Chapter 19
After yesterday’s storm, the weather today was unseasonably hot and humid. The department’s air conditioning had gone down in response to working this hard during its off season and Santiago very much understood its rebellion.
He’d dropped a warm bodied woman—strong thighs, soft hands, pliable mouth, a heart that seemed to be expelling pain in bouts and intervals—at his aunt’s this morning.
She’d been standing at the front door with Lina, Saige, and Audrey as he’d drove off.
They’d all watched him like a bunch of vultures.
When he’d looked in his rearview mirror, they were bent over laughing.
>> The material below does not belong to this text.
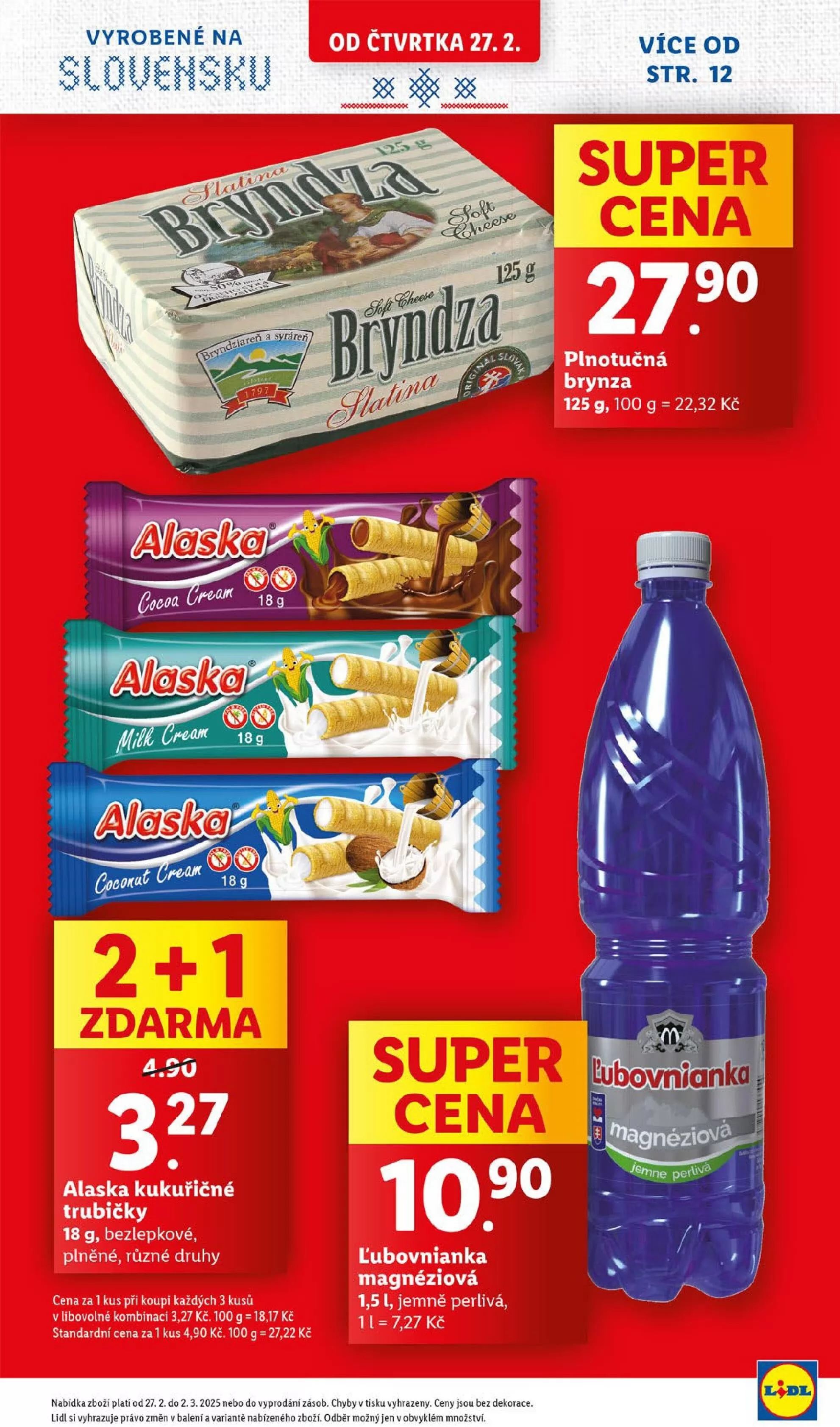 Nabídka platí od 27.2. do 2.3.2025 nebo do vyprodání zásob. Ceny jsou uvedeny bez dekorace a Lidl si vyhrazuje právo na změny v balení a variantách nabízeného zboží.

At him no doubt.
“Uh... Sheriff, you…you alright in there?”
It had been thirty minutes since he’d entered the sheriff’s department, and he was still grumbling and muttering because of his preoccupation with that woman.
Santiago’s office door was open and his blinds up giving both day and night shift a clear view of him as they waited for shift exchange.
Everyone’s eyes were on him: trepidation in Derry’s gaze, Roan’s and Audrey’s ranged from smug to real fucking smug, and the others simply looked at him with curiosity.
“I’m good Derry,” he said, stepping out of his office.
“Just got a lot on my mind.” And that was the truth.
His time with Lauren was a much-needed respite, but every problem in this town felt like it compounded in his absence.
His deputies didn’t have any leads or additional evidence regarding the bodies in the morgue.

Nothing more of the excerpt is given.